Suppose [imath]\alpha[/imath] is a root to the greatest common divisor of [imath]p[/imath] and [imath]p'[/imath]. Then it has multiplicity at least 1 as root for [imath]p'[/imath] and hence is at least a double root for [imath]p[/imath]. If [imath]\alpha[/imath] is a multiple root for [imath]p[/imath] it is a root for [imath]p'[/imath] as well by the previous theorem. Let [imath]f[/imath] be the greatest common divisor for [imath]p[/imath] and [imath]p'[/imath], then there exist polynomials [imath]g[/imath] and [imath]h[/imath] such that [imath]f=gp+hp'[/imath] and we have [imath]f(\alpha)=g(\alpha)p(\alpha)+h(\alpha)p'(\alpha)=0[/imath] since [imath]p(\alpha)=p'(\alpha)=0.[/imath]


My attempt:

By the above theorem the problem is reduced to finding the greatest common divisor [imath]f[/imath] for [imath]p[/imath] and [imath]p'[/imath] using the Euclidean algorithm.
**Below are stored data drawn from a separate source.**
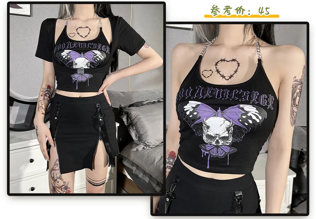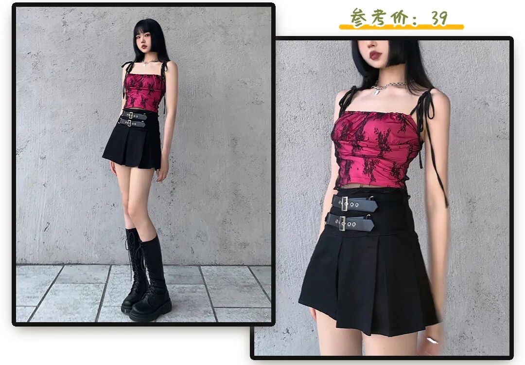 刺绣蕾丝元素融合进吊带有种暗黑萝莉的感觉,千禧辣妹的精髓拿捏了!
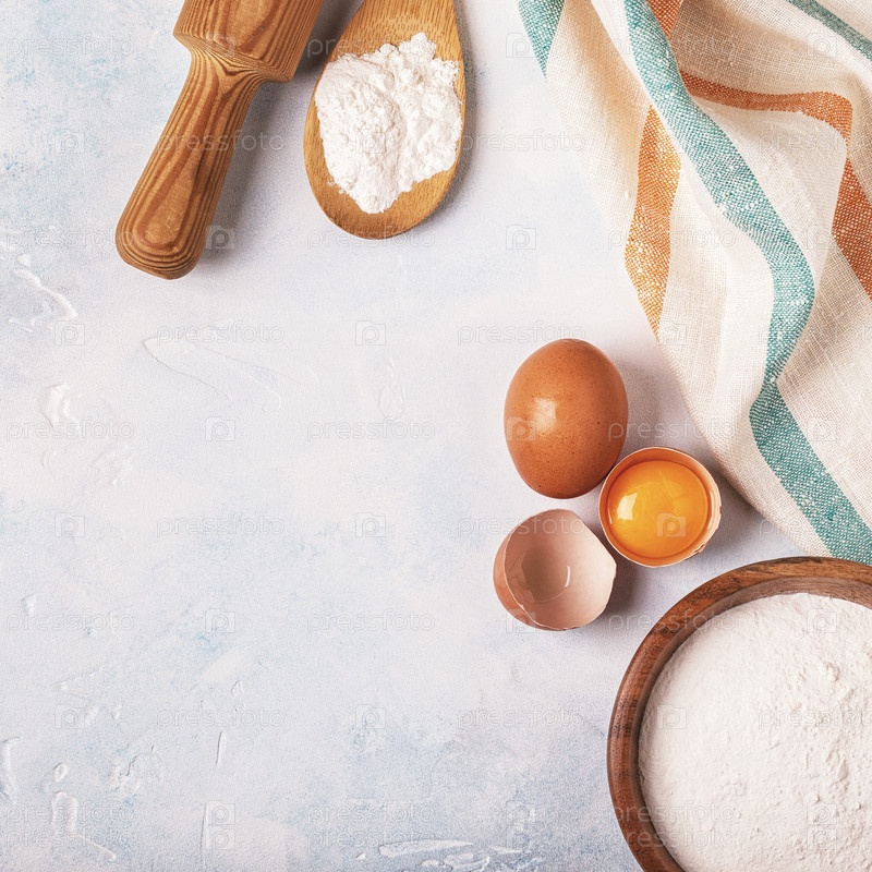 Ингредиенты для выпечки - мука, деревянная ложка, яйца
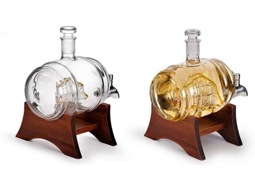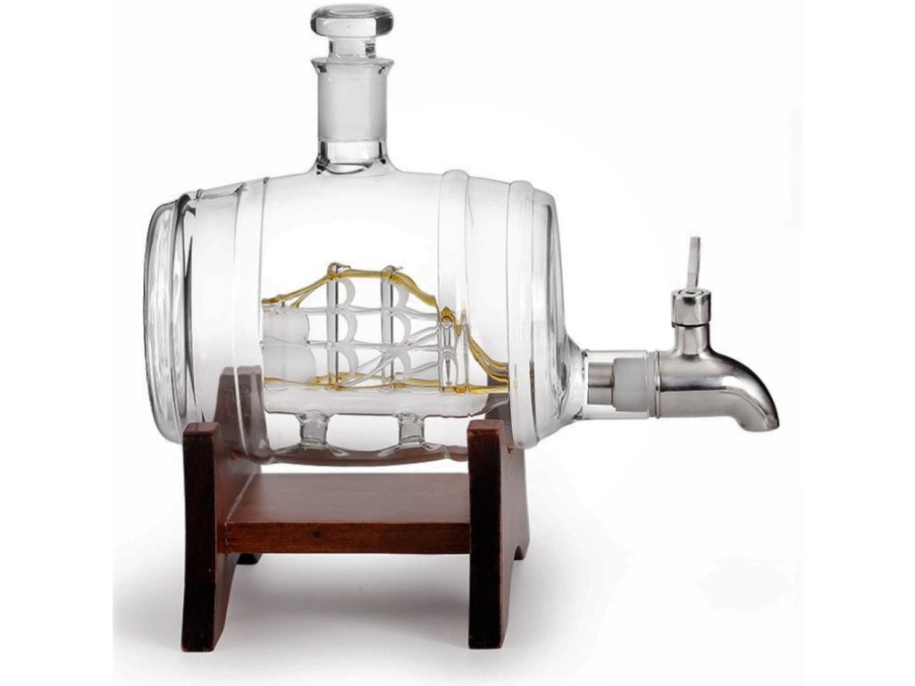 Karafa s objemom 1000 ml na uskladnenie vášho obľúbeného alkoholu - o 50 % väčšia ako podobné karafy. Whisky, škótska, bourbon, koňak, brandy - všetky vaše destiláty budú v našej zlatej karafe vyzerať fantasticky. Je to skvelý darček pre muža, ktorý práve odišiel do dôchodku. Táto karafa na whisky je ozdobou každého stola alebo baru. Plachty a loď majú jantárový odtieň, ktorý z nej robí krásny kúsok karafy.
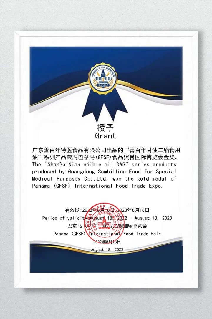 行业首例丨“善百年甘油二酯食用油”荣膺巴拿马食品贸易国际博览会金奖
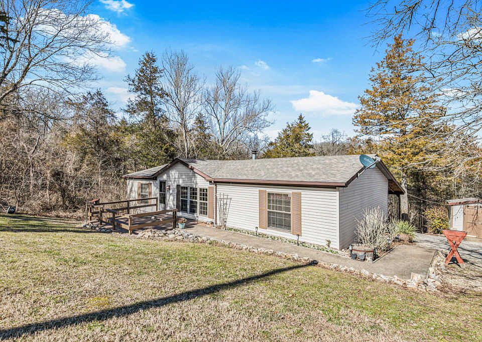 Well maintained 3 bedroom, 2 bathroom home near Lake Taneycomo! Offers spacious living room with wood burning fireplace, dining room, and kitchen with breakfast bar, abundance of cabinet space, new dishwasher and skylights. Master bedroom has a walk-in closet and remodeled master bathroom featuring dual sink vanity, soaking tub with skylight above and walk-in shower. There are two additional, nice sized bedrooms, full bathroom and laundry room. Home has multiple decks that overlook this 1.1 acre lot plus two storage sheds, attached carport, and several trees including peach and apple trees! New roof & siding (1.5 yrs old). New plank flooring and some carpet . Sits on a permanent foundation and has a vapor barrier. Call to schedule your private showing today!
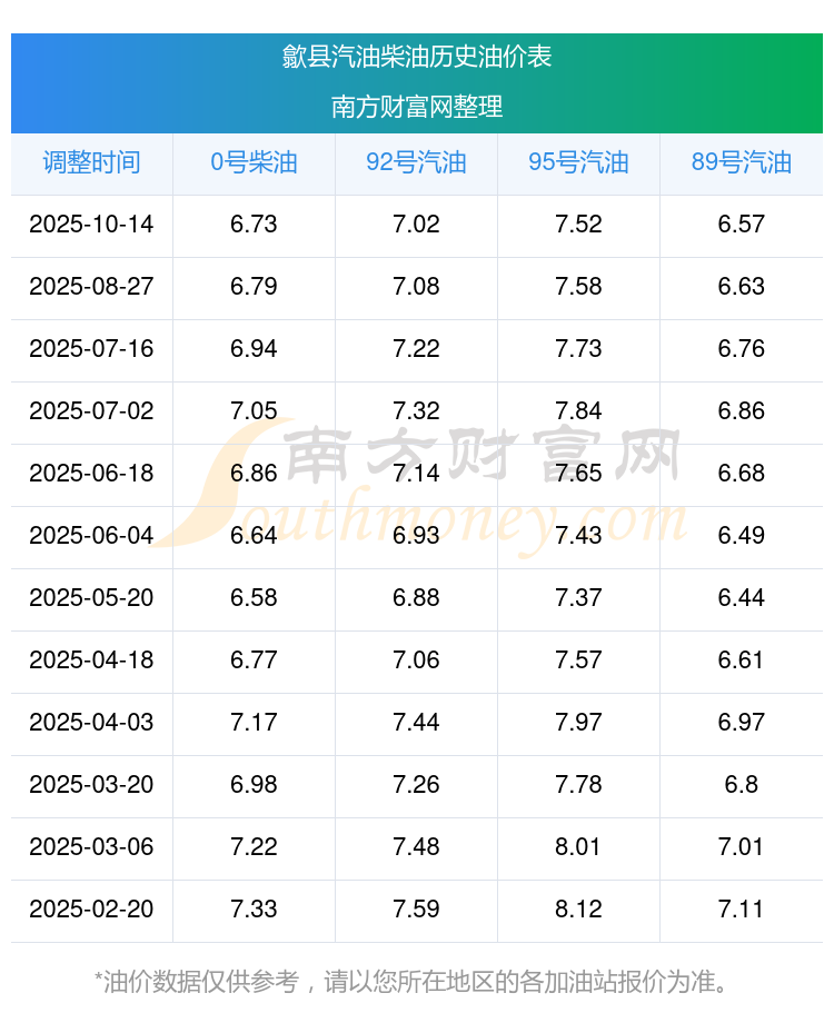 10月15日歙县汽油价格查询(歙县今日油价格)
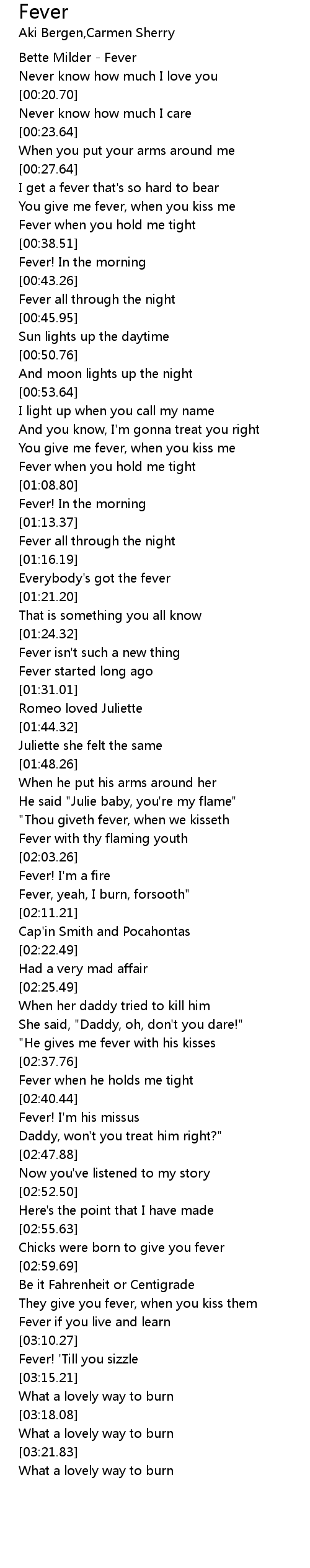 [03:11.51] Fever! 'Till you sizzle

I've attempted to compute [imath]GCD(p,p')[/imath] but I'm not sure if I'm doing it correctly as it appears as if the remainder is less than degree 1, in which case [imath]p[/imath] and [imath]p[/imath]' should not have any common roots. But I know that's not the case by the above assumption there exists some [imath]\alpha[/imath] such that [imath]p(x)=(x-\alpha)^2q(x)[/imath] for some polynomial [imath]q(x)[/imath] and [imath]q(\alpha)\neq0[/imath].Then [imath]p'(x)=(x-\alpha)(2q(x)+(x-\alpha)q'(x))[/imath], and clearly [imath]\alpha[/imath] has multiplicity 1 for [imath]p'(x)[/imath]. Using WolframAlpha I see that [imath]p(x)=(x^2+x+1)^2[/imath] and [imath]p'(x)=2(2x+1)(x^2+x+1)[/imath]. Hence [imath]f=GCD(p,p')=x^2+x+1[/imath]. However, I'm not sure how to arrive at that conclusion myself.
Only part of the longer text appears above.